My Puppy Dog and Working Class Guilt in Cuba

Janis Hernández

HAVANA TIMES — Though it is true that the practice of domesticating animals is a social phenomenon that dates back to antiquity and that the breeding of animals as pets (or training these for social or entertainment purposes) has always existed in Cuba, it is also true that such practices have become a means to a profit only recently.

Some have turned the sale and subsequent care of pets into the business of the moment in Cuba. Private businesses that sell purebred animals have sprung up around the country. This may explain the extremely high price of these animals, in a country where the majority of the population earns less than a dollar a day on average.

I imagine that those who own these businesses know that the lives of Cubans are truly contradictory and that some are Third Worlders hoping to appear bourgeois, people who like owning costly pets, as only rich people in other parts of the world can afford.

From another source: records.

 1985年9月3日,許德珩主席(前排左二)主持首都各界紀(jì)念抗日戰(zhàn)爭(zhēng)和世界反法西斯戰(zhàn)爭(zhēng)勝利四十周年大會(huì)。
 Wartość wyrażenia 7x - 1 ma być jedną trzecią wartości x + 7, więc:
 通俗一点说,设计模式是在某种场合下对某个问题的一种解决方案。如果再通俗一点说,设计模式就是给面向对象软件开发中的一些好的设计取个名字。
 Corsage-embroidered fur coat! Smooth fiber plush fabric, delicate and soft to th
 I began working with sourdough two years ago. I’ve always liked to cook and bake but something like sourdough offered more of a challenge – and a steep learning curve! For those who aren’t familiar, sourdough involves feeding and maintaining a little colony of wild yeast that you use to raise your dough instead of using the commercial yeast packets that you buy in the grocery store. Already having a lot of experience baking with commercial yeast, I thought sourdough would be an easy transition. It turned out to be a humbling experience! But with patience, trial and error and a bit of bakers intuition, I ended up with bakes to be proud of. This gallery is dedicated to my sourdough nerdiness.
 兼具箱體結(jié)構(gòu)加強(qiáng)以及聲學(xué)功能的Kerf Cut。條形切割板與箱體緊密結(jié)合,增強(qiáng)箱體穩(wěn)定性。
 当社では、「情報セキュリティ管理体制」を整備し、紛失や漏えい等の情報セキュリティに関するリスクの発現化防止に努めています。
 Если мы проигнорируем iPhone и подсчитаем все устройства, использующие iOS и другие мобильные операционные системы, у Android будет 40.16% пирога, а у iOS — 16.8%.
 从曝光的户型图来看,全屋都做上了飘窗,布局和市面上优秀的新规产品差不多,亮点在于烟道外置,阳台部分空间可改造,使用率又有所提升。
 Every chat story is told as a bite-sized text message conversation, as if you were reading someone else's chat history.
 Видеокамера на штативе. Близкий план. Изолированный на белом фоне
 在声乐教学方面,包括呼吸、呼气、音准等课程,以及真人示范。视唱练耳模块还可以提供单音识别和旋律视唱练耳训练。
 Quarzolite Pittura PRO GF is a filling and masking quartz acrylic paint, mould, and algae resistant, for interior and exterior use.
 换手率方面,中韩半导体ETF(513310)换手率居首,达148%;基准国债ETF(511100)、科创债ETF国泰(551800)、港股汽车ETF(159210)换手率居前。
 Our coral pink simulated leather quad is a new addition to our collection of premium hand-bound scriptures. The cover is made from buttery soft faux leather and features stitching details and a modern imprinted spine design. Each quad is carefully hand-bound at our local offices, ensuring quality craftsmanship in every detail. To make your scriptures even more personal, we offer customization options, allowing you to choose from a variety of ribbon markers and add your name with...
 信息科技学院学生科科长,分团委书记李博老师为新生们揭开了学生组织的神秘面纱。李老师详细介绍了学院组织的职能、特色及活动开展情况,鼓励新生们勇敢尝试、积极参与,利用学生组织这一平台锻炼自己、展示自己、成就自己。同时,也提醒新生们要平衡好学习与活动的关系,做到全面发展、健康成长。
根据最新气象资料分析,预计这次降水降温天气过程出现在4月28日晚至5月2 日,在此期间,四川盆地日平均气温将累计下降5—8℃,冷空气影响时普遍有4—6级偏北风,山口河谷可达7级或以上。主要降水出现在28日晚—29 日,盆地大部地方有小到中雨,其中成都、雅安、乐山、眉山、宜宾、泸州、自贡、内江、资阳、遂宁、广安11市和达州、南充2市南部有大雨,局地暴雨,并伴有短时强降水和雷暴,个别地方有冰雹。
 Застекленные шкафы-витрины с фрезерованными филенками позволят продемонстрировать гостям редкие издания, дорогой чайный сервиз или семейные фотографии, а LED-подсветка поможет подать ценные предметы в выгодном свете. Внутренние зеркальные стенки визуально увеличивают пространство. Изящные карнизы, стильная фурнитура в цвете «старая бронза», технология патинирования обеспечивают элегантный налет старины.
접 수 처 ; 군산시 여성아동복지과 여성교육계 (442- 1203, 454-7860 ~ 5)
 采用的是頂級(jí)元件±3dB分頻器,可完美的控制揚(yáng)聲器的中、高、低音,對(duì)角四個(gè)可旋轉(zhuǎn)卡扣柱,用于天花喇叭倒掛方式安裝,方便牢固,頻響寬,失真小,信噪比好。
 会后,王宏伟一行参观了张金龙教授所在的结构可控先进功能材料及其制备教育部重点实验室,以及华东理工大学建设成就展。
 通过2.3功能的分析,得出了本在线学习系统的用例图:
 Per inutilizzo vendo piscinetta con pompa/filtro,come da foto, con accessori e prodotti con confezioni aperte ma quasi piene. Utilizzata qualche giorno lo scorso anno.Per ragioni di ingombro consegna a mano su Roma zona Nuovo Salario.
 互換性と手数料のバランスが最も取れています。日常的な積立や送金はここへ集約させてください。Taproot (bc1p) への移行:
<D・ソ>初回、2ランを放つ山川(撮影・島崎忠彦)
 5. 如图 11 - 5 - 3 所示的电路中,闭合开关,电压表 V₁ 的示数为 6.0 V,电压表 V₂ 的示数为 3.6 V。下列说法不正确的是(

Since social differences have already become quite evident in Cuba (though some insist they haven’t), the pet you buy will speak to your income. What’s sad about this is that we come across people who, instead of wanting to raise the animal out of affection, merely use these pets to feed their vanity.

I am one of those people who likes dogs out of the tenderness these domestic animals awaken in people. I don’t care if they’re purebred dogs or mongrels. Twenty days ago, I saw the beautiful little face of a Cocker Spaniel pup (who seemed to be asking that I take him away with me) and it was love at first sight.

A kid sold it to me on the street for 30 CUC (US $ 34). I felt guilty thinking that I was willing to pay that price for the pup while many people don’t have enough to eat, but I managed to overcome these proletarian pangs of conscience. I had the money and I decided to pay for the company of the cute little puppy, even though it was quite expensive.

I named him Mozart. Once at home, I began looking for some things, like a brush, a tray for food and water and a cushion to sleep on. I made him a collar, so I could take him out to pee.

The problems started days later, when I took him to the nearest veterinary clinic to get rid of his intestinal parasites and start him on a vaccine cycle. I found that the place was in a rather precarious condition and had next to nothing of what my pup needed.

I called the international veterinary clinic to ask about the vaccines (the pentavalent and canine distemper vaccines). They told me that they hadn’t been carrying those for some time now. They gave me the address of another clinic, where they could have the distemper vaccine in Cuban pesos.

I was lucky and was able to get my dog the two injections for canine distemper for 28.75 Cuban pesos each (there weren’t many left). There, they gave me the phone of a private vet who had the other vaccines.

When I called him, he told me he charged 20 Cuban pesos for a consultation and 15 CUC for the pantavalent vaccine. The list of prices for other services (such as nail trimming, for instance) was alarming.

Then, I headed over to the pet shop downtown in search of a bowl. The clerk told me, unfazed: “We don’t have any right now. They’re coming in next week. The small ones cost 10 CUC (or 250 pesos) and the big ones 15 CUC (or 375 pesos).”

I can understand that the cost of living is high and the self-employed have to pay steep taxes, but I think these prices are a bit much.

Taking care of my little dog isn’t going to be cheap, but I am going to do it nonetheless. I will feel quite guilty when I buy the utensils and groom him, seeing so many people out on the street with poverty stamped on their faces. But that is the way things are here. I have a cute, purebred dog, and some pangs of guilt.